Sim Sung Hoon, Keam Bhumsuk, Kim Dong-Wan, Kim Tae Min, Lee Se-Hoon, Chung Doo Hyun, Heo Dae Seog
Department of Internal Medicine, Seoul National University Hospital, Seoul, Korea.
J Cancer Res Clin Oncol. 2014 Dec;140(12):2135-42. doi: 10.1007/s00432-014-1768-2. Epub 2014 Jul 9.
Gefitinib is safe for the treatment of non-small cell lung cancer (NSCLC), but some patients experience toxicities and require dose reduction. The purpose of this study was to evaluate the effect of gefitinib dose reduction on survival.
We retrospectively analyzed 263 patients with NSCLC harboring sensitive epidermal growth factor receptor (EGFR) mutation. All patients had recurred or metastatic disease and received gefitinib 250 mg daily as palliative chemotherapy.
Of the 263 patients, 23 had gefitinib dose reduction due to toxicities (1 due to mucositis, 5 due to skin rash, 11 due to hepatotoxicity and 6 for both skin and hepatotoxicity). In the dose reduction group, the mean dose intensity was 0.84 (range 0.48-0.98). Patients with dose reduction showed significantly prolonged progression-free survival (PFS) and overall survival (OS) compared to those receiving the standard dose (median PFS: 14.0 vs. 10.6 months, P = 0.042, median OS: 54.5 vs. 29.6, P = 0.020). In multivariate analysis, the effect of dose reduction was not significantly associated with prolonged PFS [hazard ratio (HR) 0.619, 95 % confidence interval (CI) 0.357-1.073, P = 0.085], or OS (HR 0.625, 95 % CI 0.287-1.362, P = 0.237). However, patients receiving low-dose gefitinib tended to have superior survival outcomes compared to those receiving standard-dose gefitinib.
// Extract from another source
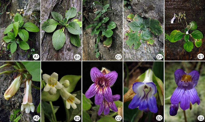 图 . A:淡黄报春苣苔, B:多色报春苣苔, C:湖南报春苣苔, D:多葶报春苣苔, E:遂川报春苣苔。

The patients experiencing gefitinib dose reduction or short-term treatment interruption due to toxicities did not show inferior survival, compared to those receiving full dose of gefitinib in NSCLC patients with EGFR mutation.
吉非替尼用于治疗非小细胞肺癌(NSCLC)是安全的,但部分患者会出现毒性反应,需要降低剂量。本研究旨在评估吉非替尼减量对生存的影响。
我们回顾性分析了263例携带敏感表皮生长因子受体(EGFR)突变的NSCLC患者。所有患者均有复发或转移性疾病,接受吉非替尼每日250mg作为姑息化疗。
263例患者中,23例因毒性反应而降低吉非替尼剂量(1例因黏膜炎,5例因皮疹,11例因肝毒性,6例因皮肤和肝毒性)。在减量组中,平均剂量强度为0.84(范围0.48 - 0.98)。与接受标准剂量的患者相比,减量患者的无进展生存期(PFS)和总生存期(OS)显著延长(中位PFS:14.0对10.6个月,P = 0.042;中位OS:54.5对29.6,P = 0.020)。多因素分析中,剂量降低对PFS延长无显著相关性[风险比(HR)0.619,95%置信区间(CI)0.357 - 1.073,P = 0.085],对OS延长也无显著相关性(HR 0.625,95% CI 0.287 - 1.362,P = 0.237)。然而,与接受标准剂量吉非替尼的患者相比,接受低剂量吉非替尼的患者生存结局往往更佳。
在EGFR突变的NSCLC患者中,因毒性反应而降低吉非替尼剂量或短期治疗中断的患者,与接受全剂量吉非替尼的患者相比,生存情况并不差。